● **WHAT TO PRODUCE**:
From the line with "Orecchini cappello di" to the final line of the data below, please write out every line exactly, with no pictures.

● **SUPPLIED INFORMATION**:
= = = =

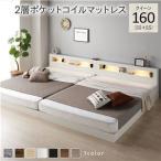 (タイムセール中) ローベッド ダブル マットレス付き 天然ラテックス入り国産ポケットコイル 国産 コンセント・照明付 カップルベッド ダブルベッド
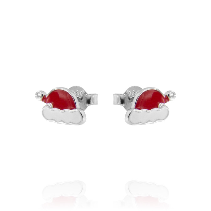Orecchini cappello di Babbo Natale con smalto bianco e rosso – rhodiato
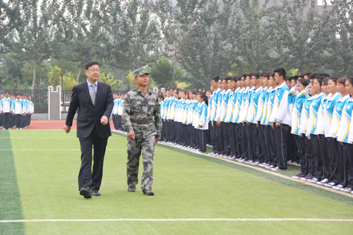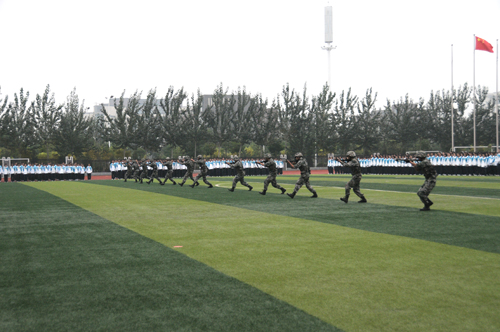 9月28日,学院在风雨操场举行2015级新生军训汇报表演暨总结表彰大会。党委书记张汉静、院长王建国、承训部队工化营教导员赵伟少校、党委副书记王俊刚、纪委书记梁云阶出席,副院长王新塘主持大会。学院办公室、教务处、学生处、基础部、思政部、公体部负责人,各系主任、党总支书记,承担军训任务的部队官兵和2015级全体新生参加。王建国院长代表学院向承训部队赠送了锦旗,感谢承训部队全体教官克服困难、努力搞好军训工作。

= = = =

● **TASK ANSWER**:
Orecchini cappello di Babbo Natale con smalto bianco e rosso – rhodiato
 9月28日,学院在风雨操场举行2015级新生军训汇报表演暨总结表彰大会。党委书记张汉静、院长王建国、承训部队工化营教导员赵伟少校、党委副书记王俊刚、纪委书记梁云阶出席,副院长王新塘主持大会。学院办公室、教务处、学生处、基础部、思政部、公体部负责人,各系主任、党总支书记,承担军训任务的部队官兵和2015级全体新生参加。王建国院长代表学院向承训部队赠送了锦旗,感谢承训部队全体教官克服困难、努力搞好军训工作。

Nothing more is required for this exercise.